Sunday, September 28, 2014

Odometry

I wanted my robot to be able to do dead reckoning, so I needed wheel encoders. There are some encoders on the market that can work with the Dagu yellow motors, as in the Magician chassis, or with the Solarbotics gear motors. And Pololu makes an encoder for their micro metal gear motors that detects wheel motion and direction by detecting white reflective tabs built-in to the wheels.

But I had already decided to use continuous rotation servos, which don't have a second shaft on the non-drive side to mount an encoder disk. Instead, I decided to mount a paper ring of encoder stripes on the inside of a Solarbotics servo wheel. I needed some way to detect the changes between black and white as the wheel rotated.

I found a set of components from Optek on mouser.com that seemed promising. They were a combination of an LED and a phototransistor, packaged together in a trapezoidal case with a screw hole.

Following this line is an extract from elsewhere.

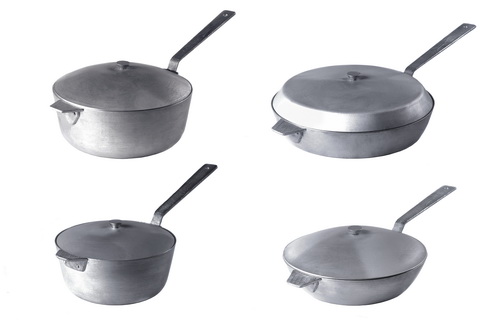 Алюминиевые литые сотейники разных размеров. Ёмкостью от 2 до 4 литров. Надежная и добротная посуда. Не боится открытого огня. Качество продукции защищено гигиеническим заключением. |
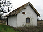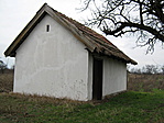 6×4 méteres, zzabadon álló, nádfedésű, kontyolt nyeregtetős épület, hosszoldalán zsalugáteres

I first tried the Optek OPB742WZ, which costs about $3.50 from Mouser. It comes with four 24" leads and has an IR LED with small apertures for the LED and the phototransistor. I hoped this would make for a smaller illuminated spot that would allow more stripes on the encoder disk. In the end I was able to use a 30-stripe disk with no problems. I'd prefer more stripes, but had trouble getting a 50-stripe disk to work reliably.

To print the encoder disks I used Nick Ames Postscript wheel encoder generator, http://www.fetchmodus.org/projects/encoder/. To fit the Solarbotics wheels I used an outer diameter of 56mm and an inner diameter of 36mm. The encoder disk and wheel (not to scale):

The phototransistor on the OPB742WZ has analog output. I read it using an analog input pin on the Arduino. Using a 100 Ohm resistor for the LED side and a 10 KOhm pull-down resistor on the phototransistor side, I can read analog input values ranging from about 30 (black) to about 230 (white). This corresponds to about .1V to 1.25V output from the phototransistor. After you screw in the OPB742WZ, you can adjust the distance to the wheel to get the largest analog value for white.

It would be easier if I had added a Schmidt trigger so I could use a digital input to trigger interrupts, but being a software engineer I decided to emulate a trigger in software. In order to read the phototransistor as often as possible, I wrote an Arduino library to put the ADC chip into continuous reading mode, with an interrupt when the next reading is available. The library allows setting a scan order of analog pins and continuously asks the ADC to read a new pin as soon as a value is ready. A callback function then checks to see whether we have another transition from white to black or vice versa.

In order to make the trigger self-calibrating, another class keeps track of the minimum and maximum analog values that have been read. When the value goes three-quarters of the way from low to high or vice versa, another tick is recorded.

Results

The wheel encoders work very well. Using them I can update the robot's pose with pleasing accuracy. The robot can use the ticks recorded from the left and right wheels to update both its assumed heading and (x,y) position. I have been able to follow waypoints several meters apart around a course and end up within a few inches of the desired endpoint.

Other Alternatives

There are other Optek devices which use red LEDs instead of IR. I have bought a couple and will try them out to see if they work as well. The advantage of red LEDs is that students would get feedback when they connected the LED even before reading the analog phototransistor output. My initial results with one other Optek component having a red LED is that the voltage difference between white and black is not as large, but seems adequate. I'll write more results later as I have a chance to evaluate the other components more thoroughly.